Contextual interviews reveal tacit knowledge and work practice details
Contextual inquiry is used as a best-practice qualitative interviewing technique. It involves directly observing and talking with people while they conduct a work or life activity you support to capture the details, structure, and intents of their work.

Observations are interpreted directly with interviewees to ensure there is agreement on the reasons behind their actions. This technique helps mitigate consequences from acting on untested assumptions or confirmation bias.

Most projects require about one to two dozen interviews, each about 2 hours in duration. Prior to conducting interviews, a focus-setting activity identifies the problem or opportunity you wish to explore which is then translated into an understanding of the kinds of people to interview and the kinds of activities to pay attention to during the interviews.

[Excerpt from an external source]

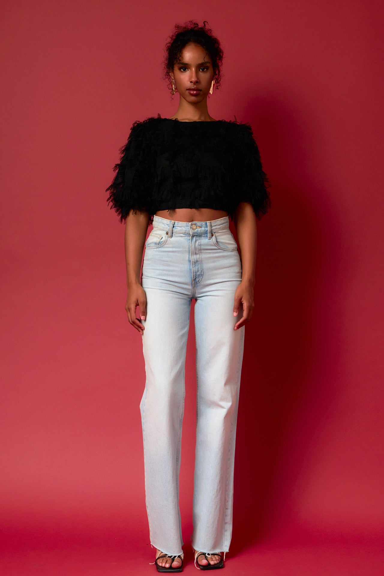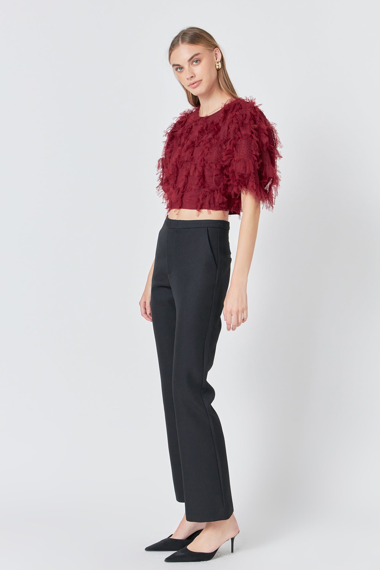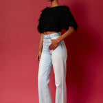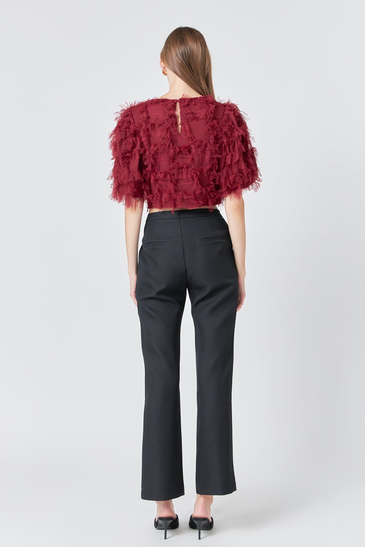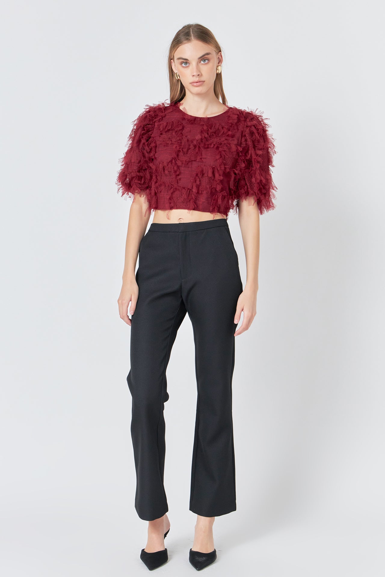 Gridded Mesh Feathered Cropped Top

During each interview, detailed data are gathered about what the interviewee is doing, why they are doing it, and the important issues they face. Data captured from the interviews is used to produce an actionable research insight report that summarizes user issues and offers recommendations.

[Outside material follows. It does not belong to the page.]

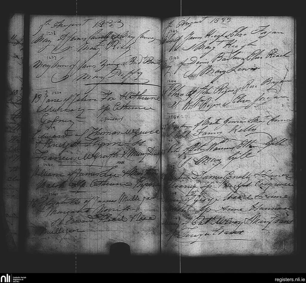 St. Paul's, Dublin city; County of Dublin; Archdiocese of Dublin. Baptisms, Aug. 1833
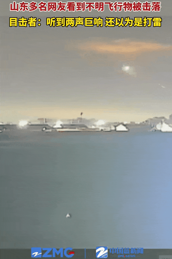 先是山东多地网友拍到夜空中一个火球高速飞行,紧接着另一个火球从地面腾空而起,两者相撞后炸出巨大火光,还伴随着两声巨响,像打雷一样。

Cross-functional team participates in an immersive visioning workshop, inspired by the user data to invent new user experiences
To ideate from the user data, you have the option to engage in facilitated team visioning exercises. Team members first immerse themselves in provided consolidated models arising from the interview data to prime their brains with issues and ideas grounded in your users’ reality.

The team identifies overarching themes around which they, together, invent stories of ways to improve the work or lives of users by taking advantage of their knowledge of technology, materials, and business processes. Multiple stories are sketched as visions representing a future experience for your users, then evaluated and improved to resolve technical infeasibilities and business constraints.